Ингмар Бергман. Жизнь, любовь и измены - Тумас Шеберг
Шрифт:
Интервал:
Закладка:
Более колоритного места для начала театральной карьеры Ингмар Бергман выбрать не мог. Старый город в Стокгольме был отдельным мирком внутри общества, которое в ту пору отличалось скверным жильем, скученностью, домами, похожими на трущобы. Отопление угольное и дровяное. Уборная без водопровода, холодная вода над раковинои и маленький цинковый столик для мытья посуды. Холодно и неудобно. Холостяцкие общежития без каких-либо санитарных норм. Торговля из-под полы и контрабанда. Пивные, где толпились алкоголики и безработные матросы. Освещение тусклое, грязища. Безработица запредельная.

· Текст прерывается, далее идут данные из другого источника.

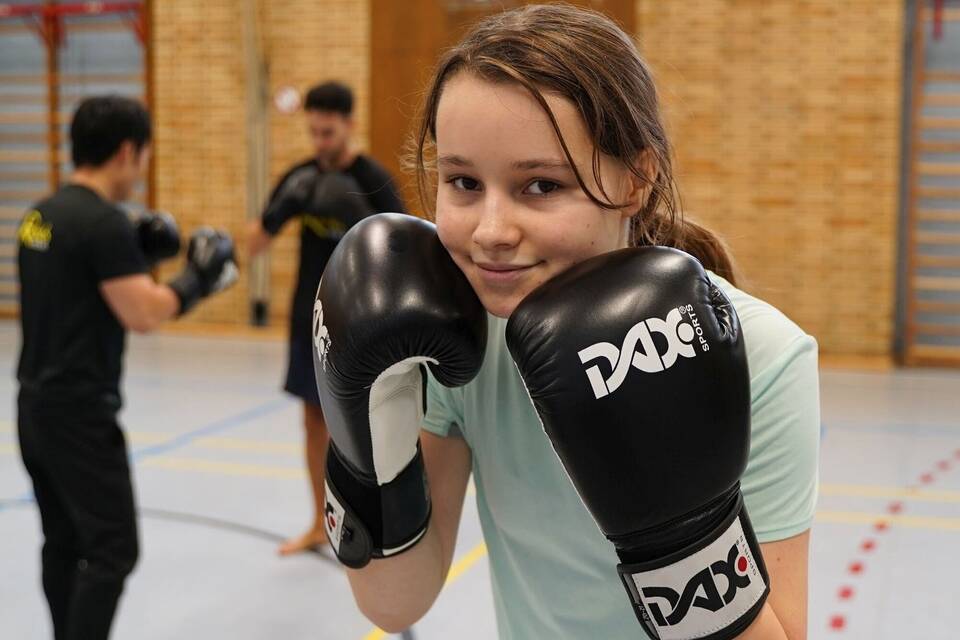 Nürnberg. Mit einem Tritt befördert Nora Falk ihre Boxpartnerin von sich weg. Diese geht sofort in den Gegenangriff über – alles passiert aber in einem kontrollierten Tempo.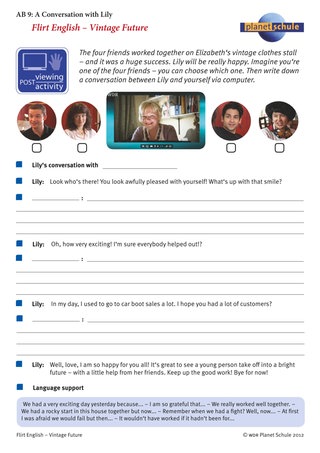 Den Abschluss bildet das traditionelle Gespräch mit Lily. Was erzählen die vier ihrer Landlady von ihrem Erfolg auf dem Flohmarkt? In Kleingruppen bereiten die Schüler jeweils ein Gespräch eines WG-Bewohners mit Lily vor. Arbeitsblatt 9 "Conversation with Lily" gibt Hilfestellung und kann genutzt werden, um Stichpunkte für das Gespräch vorzubereiten, damit es im Anschluss der Klasse vorgespielt werden kann.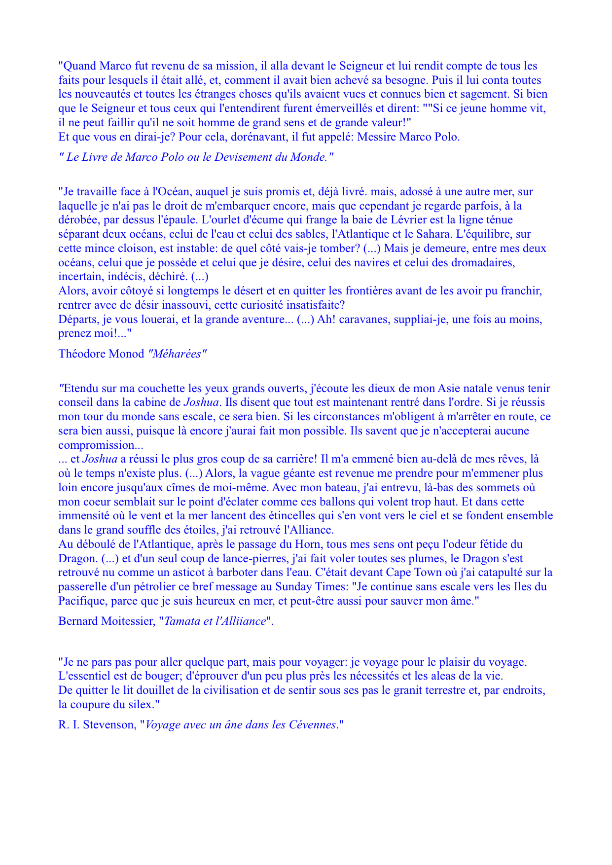 Voici pour toi qui les aimes, quelques citations à propos du voyage :
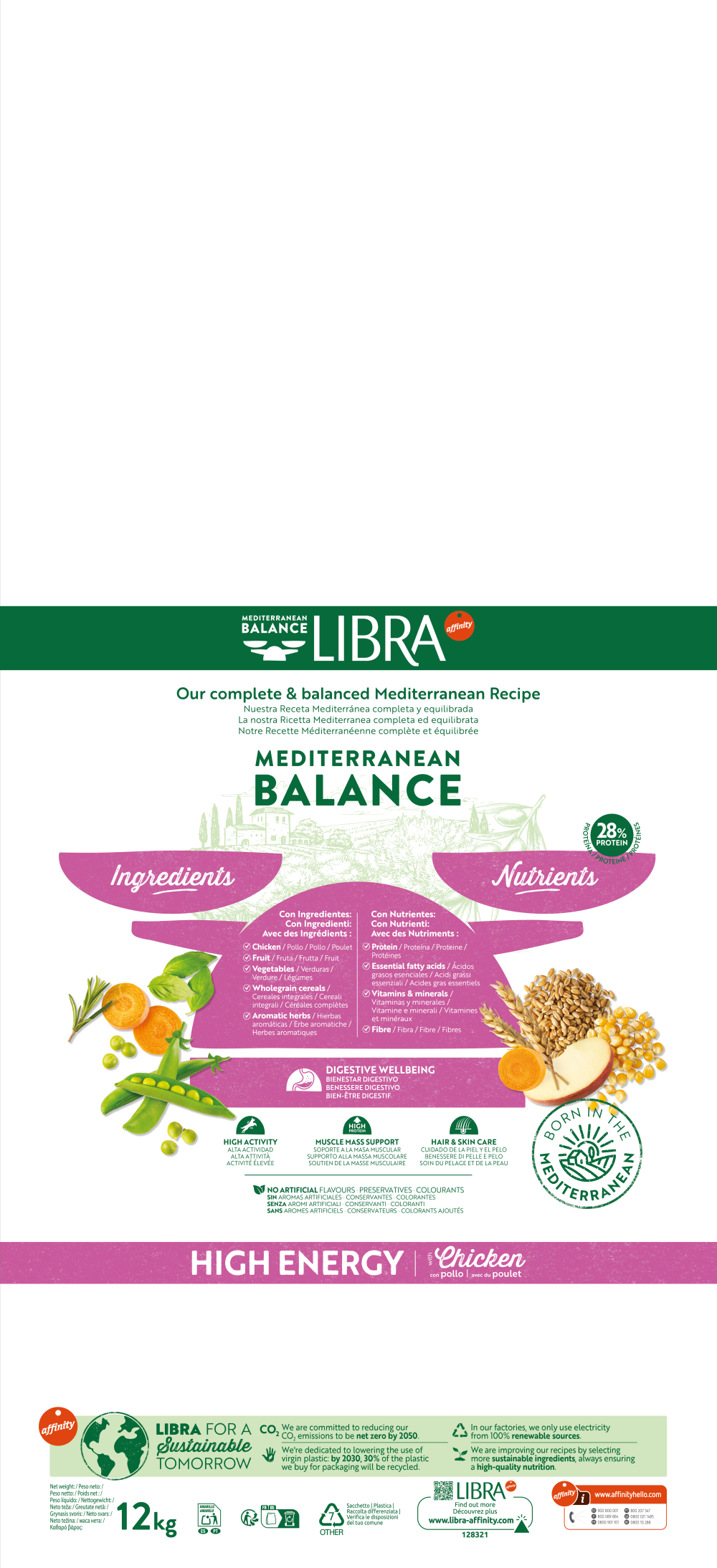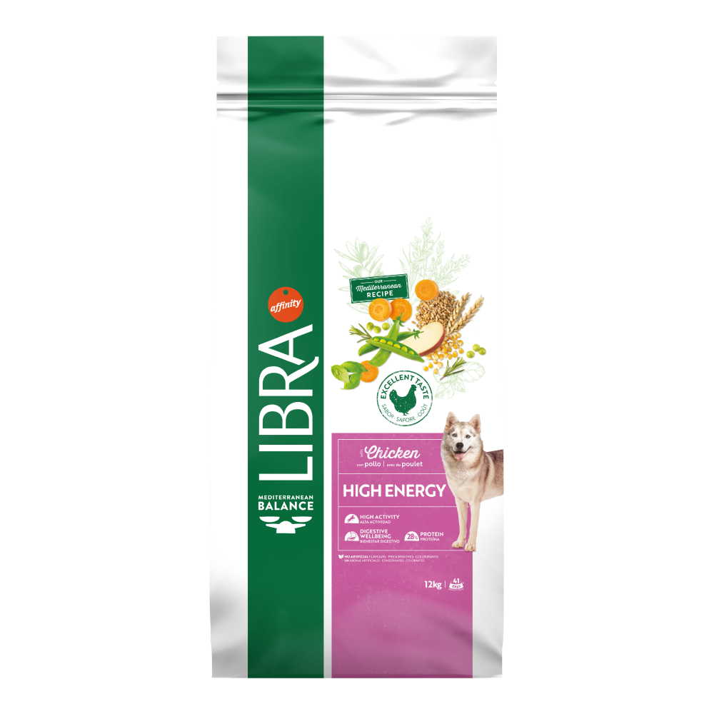 Nuestra receta mediterránea con Pollo, que contiene una proporción correcta de nutrientes esenciales e ingredientes de calidad como fruta, verduras, cereales integrales y hierbas aromáticas, ofreciendo una alimentación completa y equilibrada a tu perro con alta actividad.
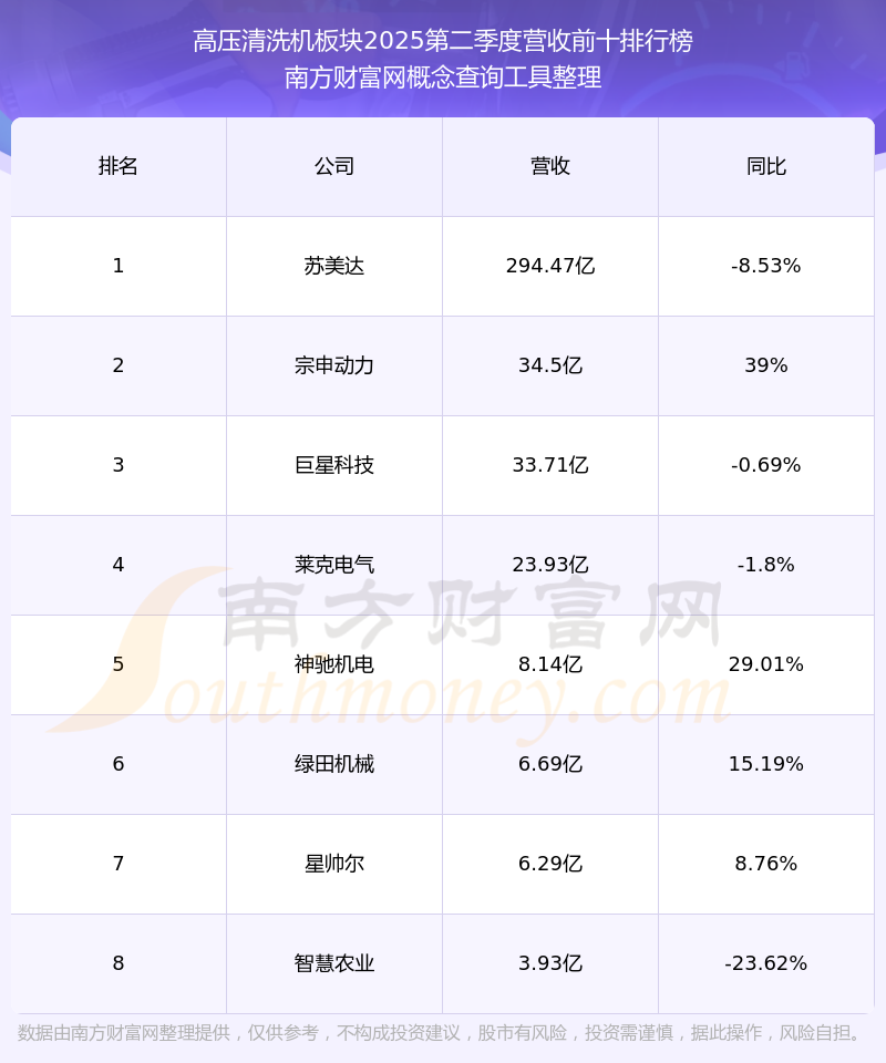 按照开云手机web版登录入口概念查询工具统计,该股所属板块为高压清洗机板块,该板块共有8只股票,绿田机械2025第二季度营收在该板块中排名为第6名,该板块2025第二季度营收排名前十的股票如下表: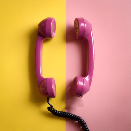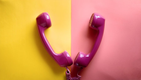 Magenta telephone handset, isolated on a Yellow and Pink Pastel Background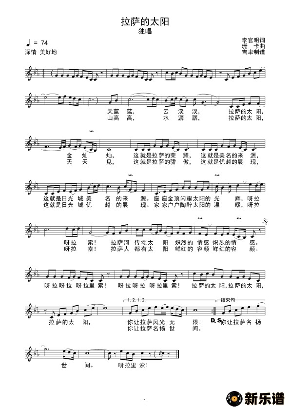 演唱的拉萨的太阳(线谱)歌词,拉萨的太阳(线谱)简谱.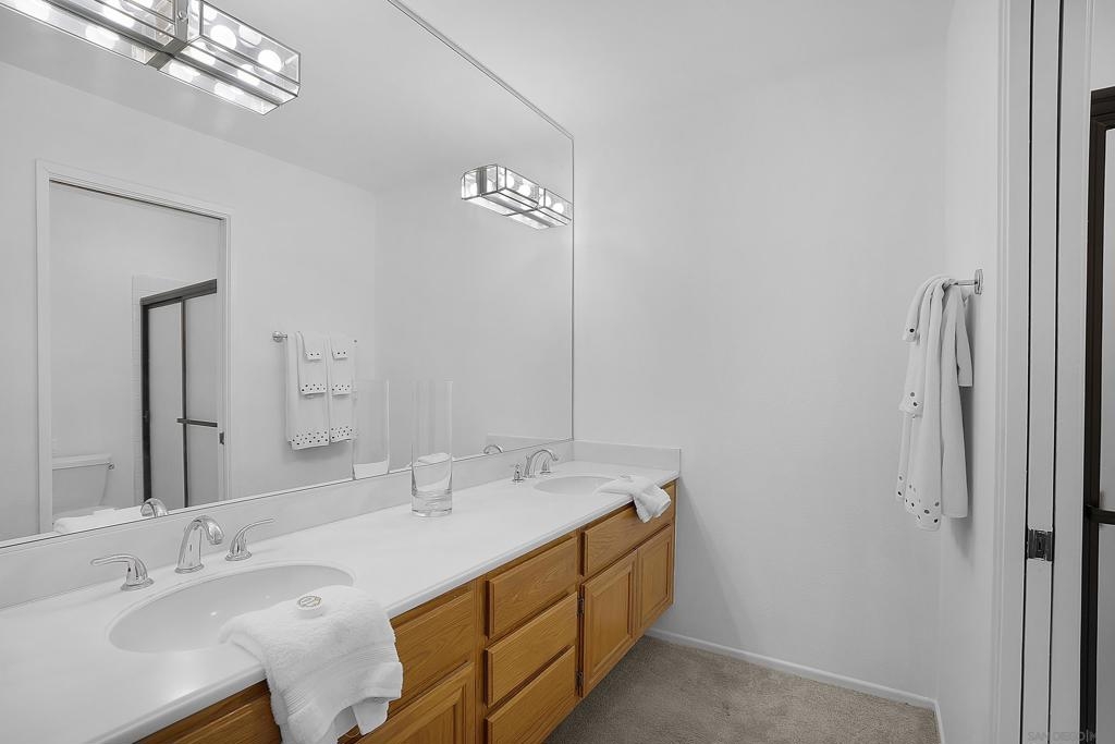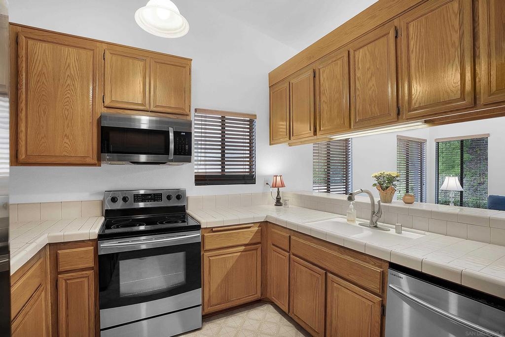 Rarely available end unit offering great value with the following upgrades. Copper plumbing throughout 2013, new water heater 2022, new AC 2019, new garage door opener/mechanics 2022, new garbage disposal 2024. This two car garage includes a custom built-in staircase to access the rafters, built-in shelves flank both sides of the garage w/ 2 full size cabinets for added storage. Offering a unique model with a bonus family room off the kitchen. Enjoy the fireplace from the living room & dining room, spacious primary suite with a walk-in closet and a private patio off the primary bedroom & family room. Relax and enjoy easy living at Oaks North Villas, a 55+ community. Rarely available end unit offering great value with the following upgrades. Copper plumbing throughout 2013, new water heater 2022, new AC 2019, new garage door opener/mechanics 2022, new garbage disposal 2024. This two car garage includes a custom built-in staircase to access the rafters, built-in shelves flank both sides of the garage w/ 2 full size cabinets for added storage. Offering a unique model with a bonus family room off the kitchen. Enjoy the fireplace from the living room & dining room, spacious primary suite with a walk-in closet and a private patio off the primary bedroom & family room. Enjoy an active lifestyle playing golf, tennis or pickleball. Something to do every day of the week at the pool, spa, exercise classes, lawn bowling and so much more. You can walk to Bernardo Winery just down the road or take in a round of golf at the Rancho Bernardo Inn and enjoy lunch in one of their restaurants. Relax and enjoy easy living at Oaks North Villas, a 55+ community.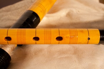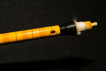 The Gajdanica has seven front holes and one rear hole. The seventh hole, which is at the top of the chanter, is defined as a “flea hole”, in Macedonia it is called mamorka. This hole is decidedly smaller than the other holes and, perpendicular to the hole itself, there is a small internal cylindrical section which contains the final part of the stem of a bird’s quill. The most important feature of the flea hole, in addition to being a tone hole allowing you to play the main scale on the gajda, is to raise a semitone the main positions of gajda allowing more chromatic possibilities. This small hole is found on all the bagpipes throughout the Thracian region but is also characteristic of other types of neighboring instruments, such as the Hungarian duda and, in general, the Eastern European bagpipes. In Macedonia it is particularly important for as well as modulating from major to minor and other scales, it allows the characteristic vibrato.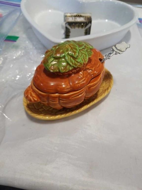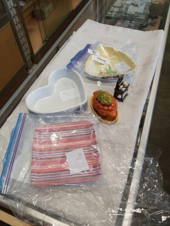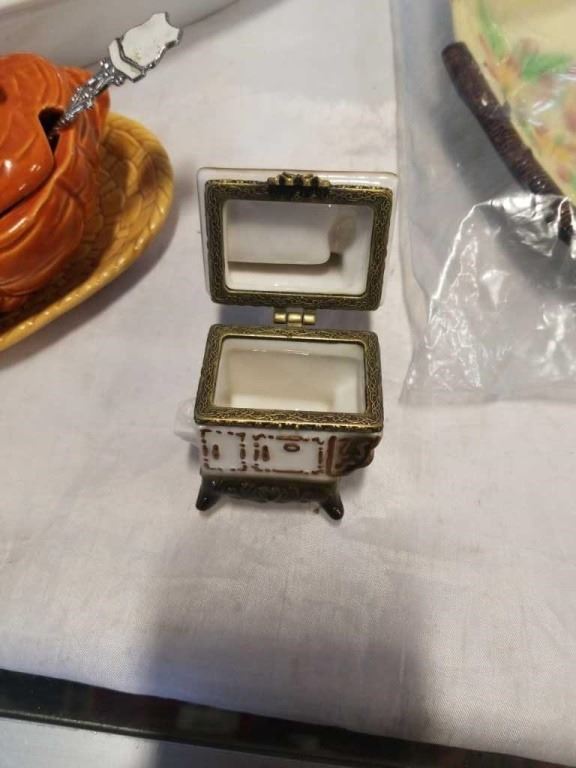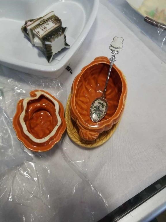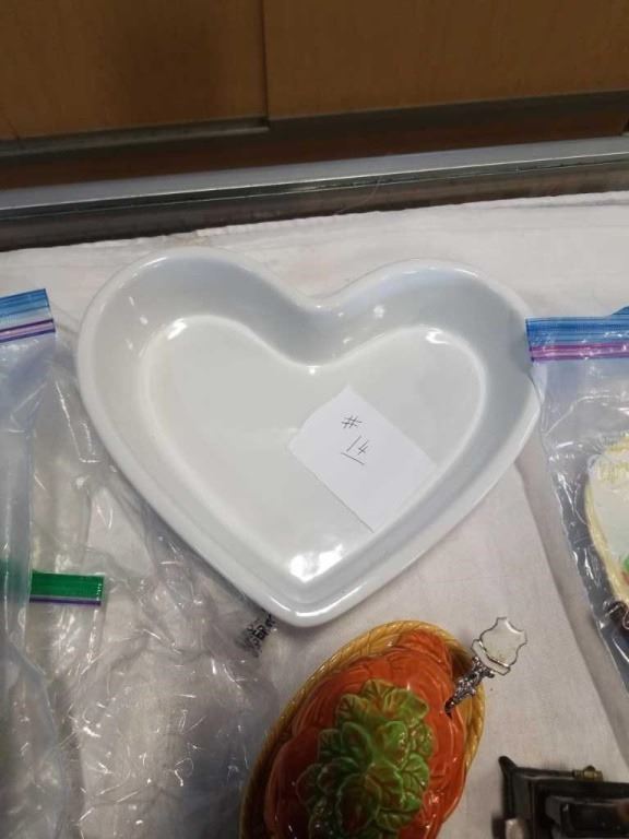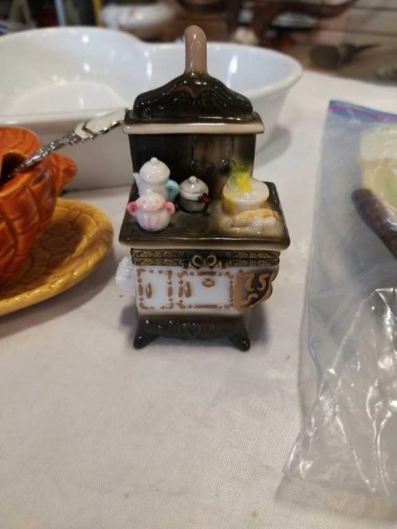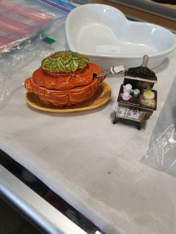 2 HEART SHAPED SERVING PLATES WITH HONEY DISH AND KITCHEN STOVE FIGURE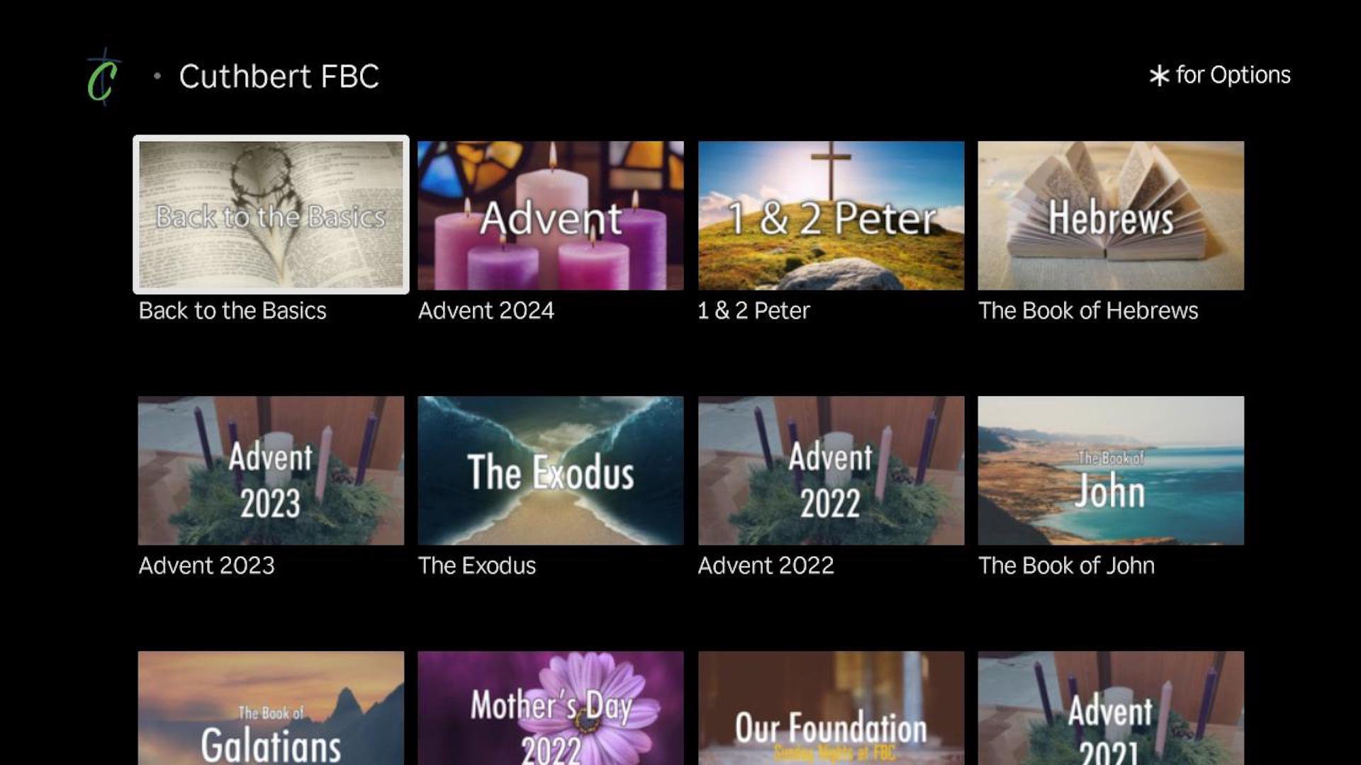 Stay connected with your Cuthbert First Baptist Church family. With our app you can: - Livestream our worship services - Watch or listen to past messages - Stay up to date with push notifications - Share your favorite messages via Twitter, Facebook, or email - Download messages for offline listening - Get current information about upcoming events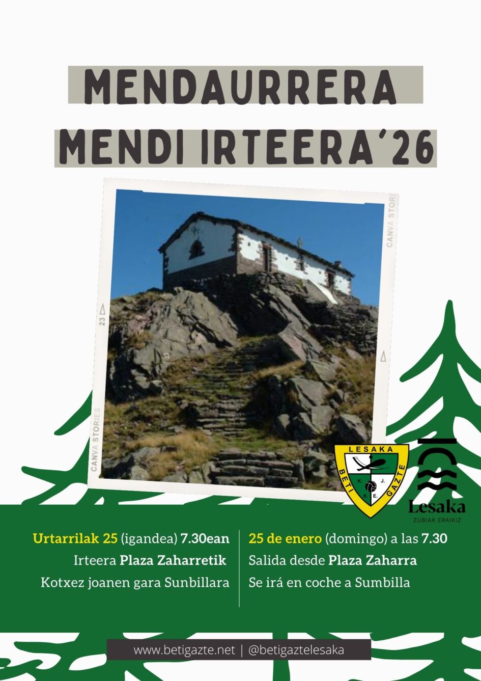 Hurrengo igandean, urtarrilaren 25ean, Mendaurrera irteera eginen du gure mendi taldeak. Goizeko 7:30ean egin dute hitzordua Lesakako Plaza Zaharrean eta hortik, Sunbillara kotxean joanen dira, ondotik Mendaur igotzen hasteko.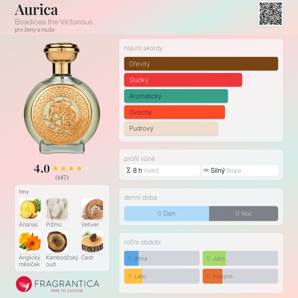 Aurica podle Boadicea the Victorious je Orientální Woody vůně pro ženy a muže. Aurica byl/a uveden/a v roce 2020. "Nosem" za touto vůní je Christian Provenzano. Vrchní tóny jsou Ananas, Cedrové jehly, Mandarinka a Ylang-Ylang; střední tóny jsouMěsíček, Kambodžský oud, Jasmín a Růže ; základní tóny jsou Pižmo, Vetiver, Pačuli, Santalové dřevo, Vanilka, Mech a Jantar (ambra).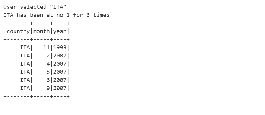 rankings_reshaped.filter((col("country") == selected_country) & (col("rank") == 1))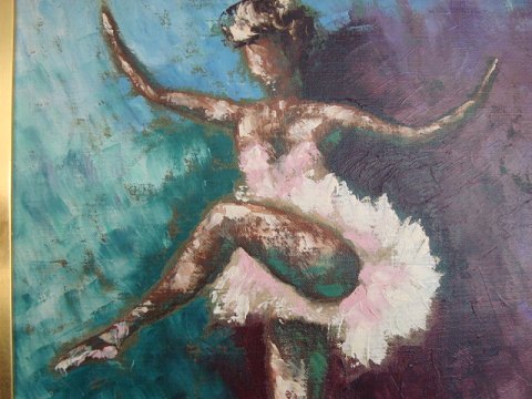 Ubekendt kunstner (20 årh): Ballerina. Olie på lærred. Sign.: V. K.... (Én af mig ukendt signatur - kan nogen hjælpe?) 40x30 (47x37)

И среди этого развала и нищеты Бергман получил место режиссера в маленьком театре, Местер-Улофсгордене, который действовал под эгидой Собора в сотрудничестве со стокгольмским Союзом студентов-христиан. Ангажировал его старый друг семьи, Свен Ханссон. В свое время Ханссон работал в книжном магазине Сандберга, принадлежавшем отцу Эрланда Юсефсона, Гуннару, а Бергман был там завсегдатаем и ценимым собеседником, который часто дискутировал о театре.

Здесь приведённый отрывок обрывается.